The long range variants of the Tesla Model 3 sedan and Model Y crossover have received a $1,000 price adjustment in the United States. In China, select variants of the Model 3 and Model Y also received a price increase of RMB 10,000 (about $1,500).
With the latest round of price adjustments, the cost of the Model 3 Long Range Dual Motor in the United States has increased from $50,990 to $51,990 before options and incentives. The Model Y Long Range Dual Motor, on the other hand, now starts at $59,990. The Model Y Performance now starts at $64,990 before options and incentives as well.
In China, the Model 3 Performance is the variant that saw a RMB 10,000 price adjustment, with the vehicle now starting at RMB 349,900 from its previous price of RMB 339,900. The Model Y Long Range now starts at RMB 357,900 from its previous cost of RMB 347,900, and the Model Y Performance now starts at RMB 397,900 from RMB 387,900 before options and incentives.
While Tesla did not specify the reasons behind its latest round of price increases, it is believed that the recent adjustments were due to the rising price of nickel, which is used in the Long Range Model 3 and Model Y’s battery packs. This is hinted at by the fact that the base Model 3 RWD did not see a price increase. The base Model 3 RWD is equipped with a lithium-iron-phosphate (LFP) battery, which uses no nickel.
While the Tesla Model 3 and Model Y remain strong contenders in both the US and Chinese markets, the vehicles have received a number of key price adjustments over the past year. The price of the Model Y Long Range, for example, has jumped about 20% from January 2021. The Model 3 Long Range saw a 10.6% price hike in the same period.

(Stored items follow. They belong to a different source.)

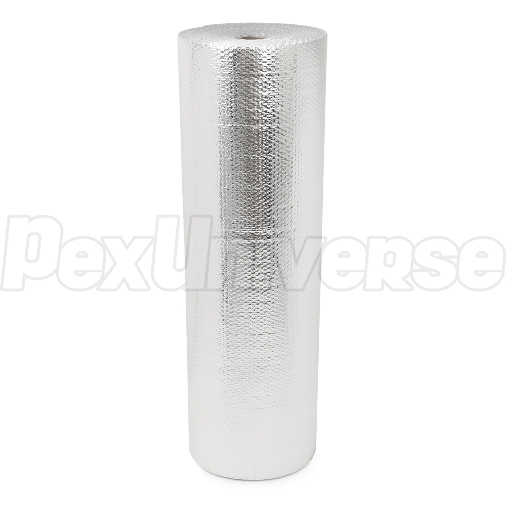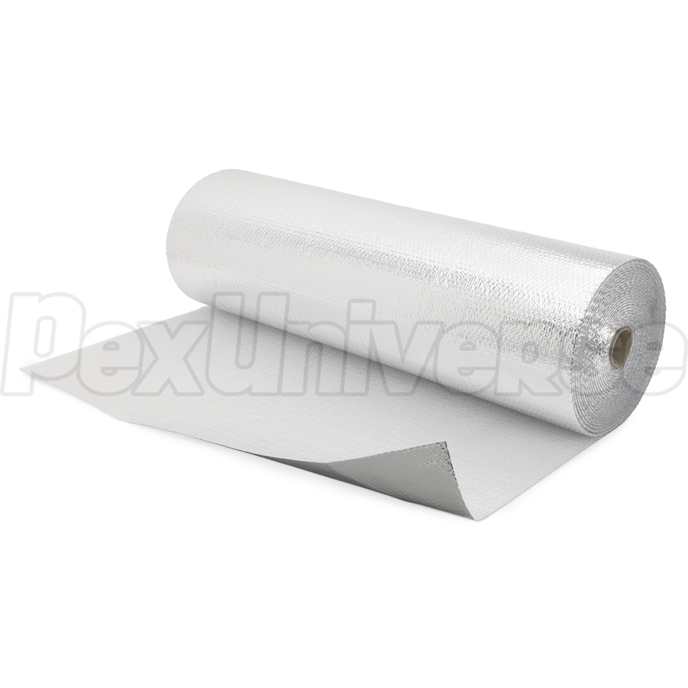 48" wide x 50ft long (200 sqft total) multi-layer Foil/Double Bubble/Poly for under-slab concrete applications. This insulation is designed for installation below the concrete pad to provide a basic thermal break (R-1.1 value), vapor & radon barrier and a decoupling membrane. This insulation is resistant to mold, fungi and insects and is sufficiently durable to withstand punctures, tears and light foor traffic. Best suited for projects where traditional (such as EPS foam) slab insulation is optional and or unfeasible. When multiple rolls are installed, we suggest using a 3" poly tape (polyester tape w/ acrylic adhesive backing) to seal the seams - be sure the top layer is clean to ensure poper adhesion. As with other sheet building materials, the best practice is to stagger the joints/seams. Note:Clear poly layer must be facing up.
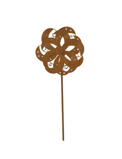 Un moulin fleur tournante coloré en fer, parfait pour apporter une touche de magie à vos espaces extérieurs. Son design unique de moulin à vent avec des formes de fleurs et d'étoiles s'anime au gré du vent. Facile à installer grâce à ses deux piquets robustes, sa couleur marron rouille lui donne un charme authentique.
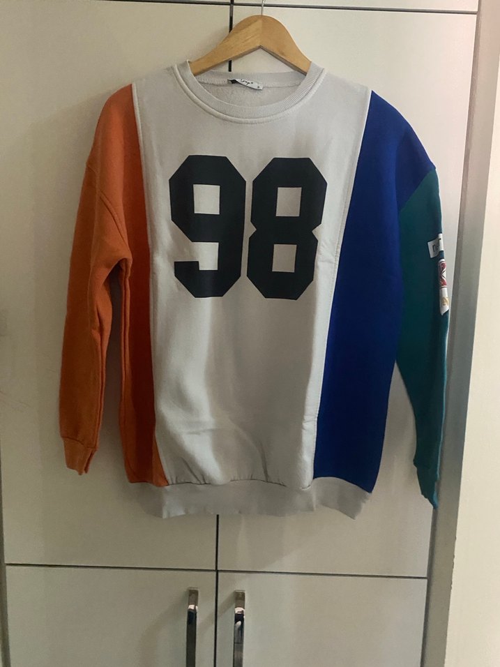 Uzun kollu, yuvarlak yaka, bol kesim kadın sweatshirt. Çok renkli ve baskılı "98" tasarımlı, yumuşak ve sıcak kumaştan.

Morgan Stanley analyst Adam Jonas has warned that the rising cost of nickel would likely result in electric vehicles like Teslas seeing a price increase. Just recently, nickel surged above $100,000 per metric ton on the London Metal Exchange, prompting a trading halt. Several reasons are behind nickel’s price increase, though it is believed that a driving factor is Russia’s invasion of Ukraine. With potential sanctions being placed on Russian nickel, the supply of the material to Western countries might be constrained in the near future.